Slow productivity growth is a matter of great concern as it has been seen that many countries are giving the United States a tough competition, but history highlights a fact that the rate of productivity has been observed, reduced to a great level since 2006. It has become a matter of great concern as progress and prosperity of any nation depends on its economy that would be affected directly by the rate of productivity or productivity growth. If productivity growth is good then economy of that country would grow but if productivity growth is slow then economy would be badly affected, and that would cast negative impacts on all the sectors, markets, labors and individuals living in that country (Power,et,al,2018).

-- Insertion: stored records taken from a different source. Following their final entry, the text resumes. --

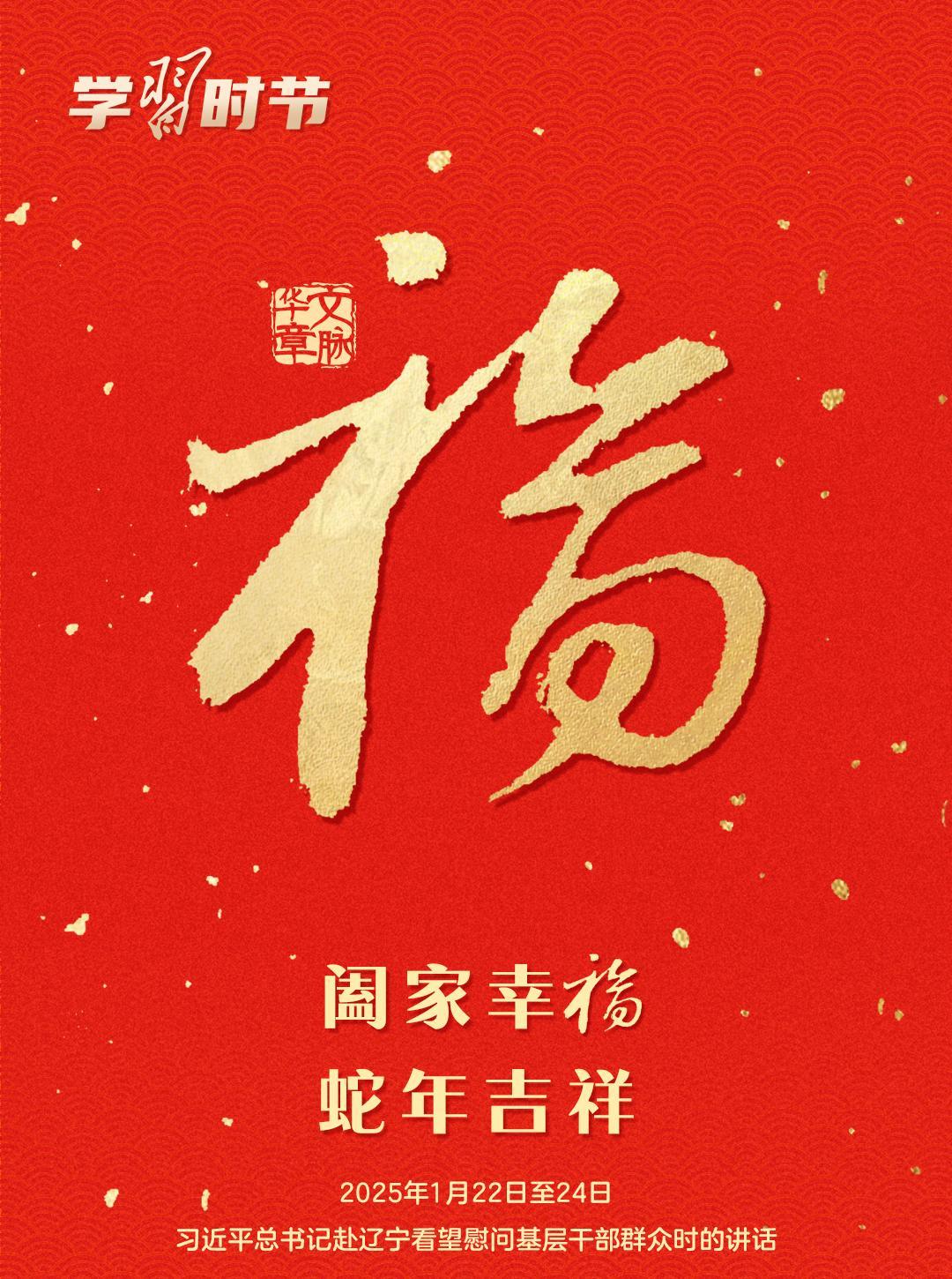 五千多年的中华文明,“福”字贯穿其中。它是中华民族的深层文化基因,也是我们心中最吉祥的字眼。一个“福”字不仅寄托了人们对幸福生活的祈愿,也承载着对美好未来的不懈追求。每逢新春,习近平总书记都会给大家送上真挚的祝福。声声送祝福,句句暖人心。值此乙巳蛇年春节,这份来自总书记的新春祝福,让我们一起聆听。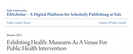 “Public health interventions are as broad as the field itself. Through this paper, I will highlight the missed opportunity that museums present as an intervention site for public health. I will then discuss the design, content, challenges, successes, and directions for growth of a specific exhibition (Big Food: Health, Culture, and the Evolution of Eating), as an example of successfully translating public health into the museum context, which could be used as a starting point for further interventions in this underutilized venue.” (p.3)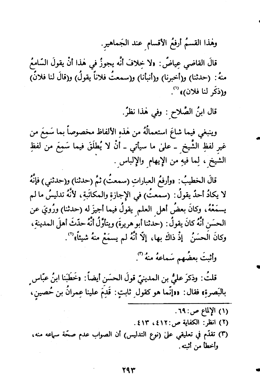 قَالَ الْخَطِيب وَأَرْفَع الْعبارَات سَمِعت ثمَّ حَدثنَا وحَدثني 6 فَإِنَّهُ لَا يكَاد أحد يَقُول سَمِعت فِي الْإِجَازَة وَالْمُكَاتبَة لِأَنَّهُ تَدْلِيس مَا لم يسمعهُ وَكَانَ بعض 7 أهل الْعلم يَقُول فِيمَا أُجِيز لَهُ حَدثنَا وَرُوِيَ عَن الْحسن إِذْ ذَاك بهَا إِلَّا أَنه لم يسمع مِنْهُ 8 شَيْئا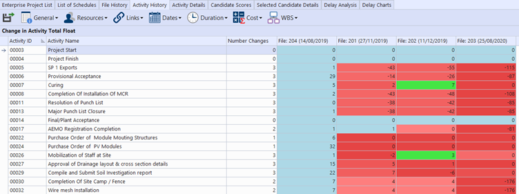 Investigate how attributes (e.g., Constraint, Predecessor, Start) have changed throughout the project’s progress.
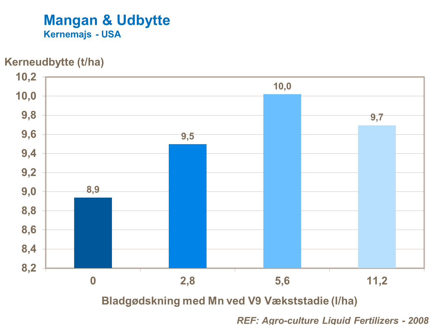 Mangan har en direkte effekt på plantens udvikling og vækst. Mangan er involveret i produktionen af klorofyl og i fotosyntesen og fungerer som en katalysator i mange af plantens vækstprocesser, heriblandt majsplantens metabolisme og syntese af proteiner. Størstedelen af manganen ophober sig i blade og stængel – mere end andre mikronæringsstoffer. Optaget sker gradvist især under den vegetative vækst. Blad- eller placeringsgødskning kan benyttes til at forbedre udbyttet.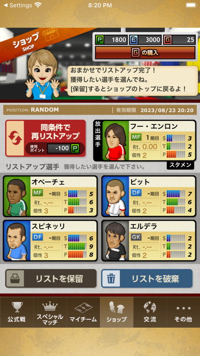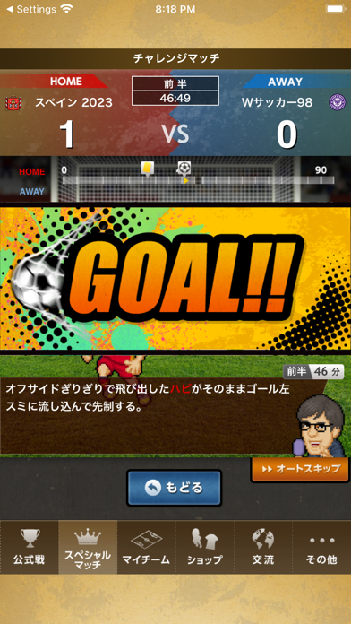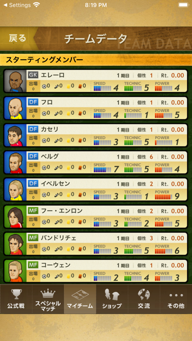 - 毎日自動で行われる試合を確認。結果を元にチームにテコ入れを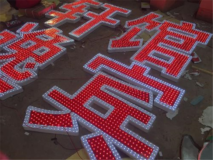 外露發光字平面和圍邊與普通發光字一樣,也叫沖孔字,唯一不同就是光源,它是由小的圓點LED燈珠,鋪滿字的面板上。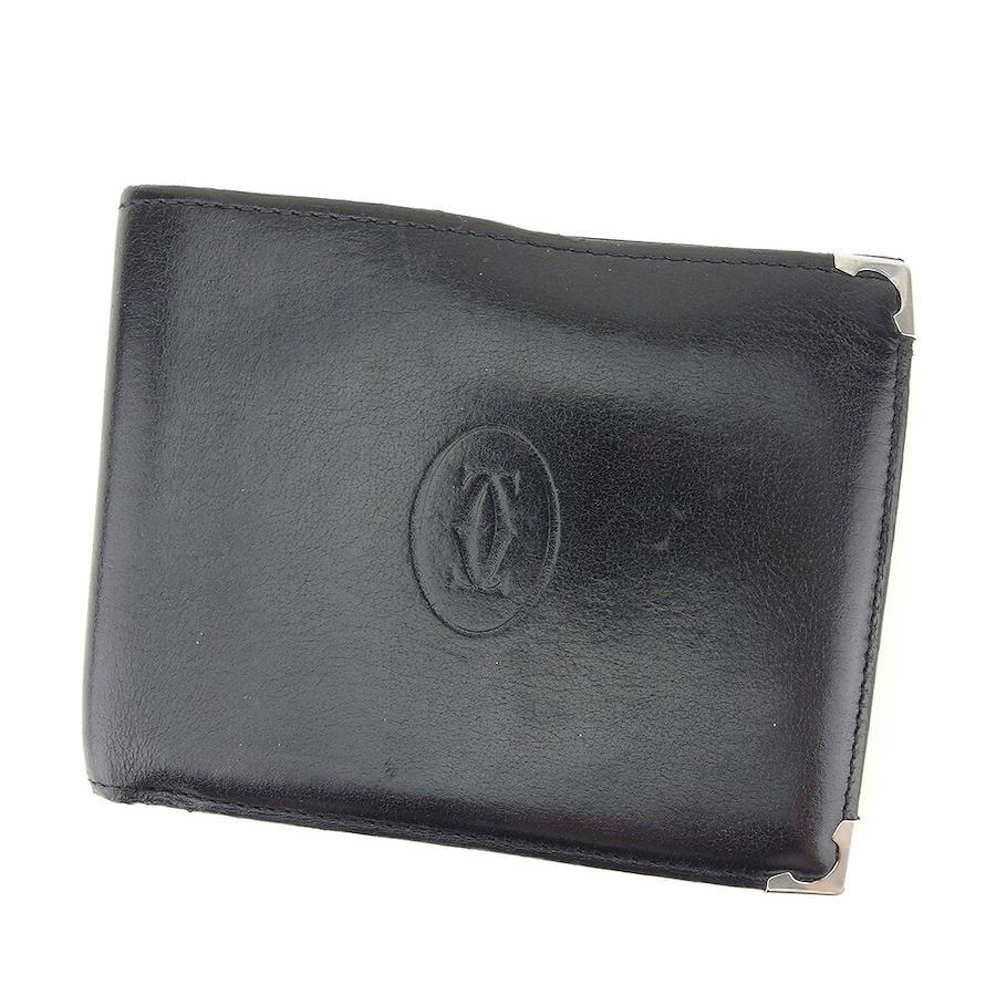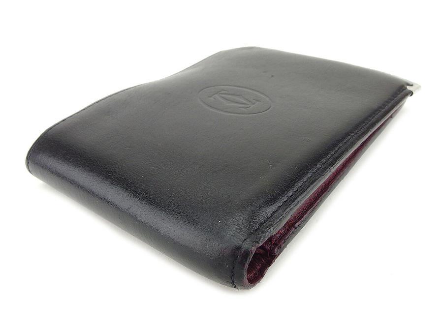 Pre-owned Cartier bi-fold wallet with cabochon, black, burgundy, and silver, for women

It cannot be said that there would be no impact of slow productivity growth on economic growth of a country, so as a whole, it could be said that slow productivity growth has become a matter of great concerns as United States is competing with other tough competitors who are working hard for improving the rate of their productivity growth. Also, it has been seen that productivity growth rate is directly related to the quality of life of a country, so it has been witnessed that if this slow rate of productivity is not going to be improved in few coming years than the life quality of American is going to be compromised for sure. So for maintaining the life quality of Americans, slow productivity growth has become a national concern for the United States and economists are trying their best for finding all the possible solutions that would accelerate productivity growth.
Power, M. (2018). Race to the Bottom: Low Productivity, Market Power, and Lagging Wages Lance Taylor and Özlem Ömer.
di Mauro, F., Mottironi, B., Ottaviano, G., & Zona-Mattioli, A. (2018). 18-10 Living with Lower Productivity Growth: Impact on Exports.
Gordon, R. J. (2015). Secular stagnation on the supply side: US productivity growth in the long run.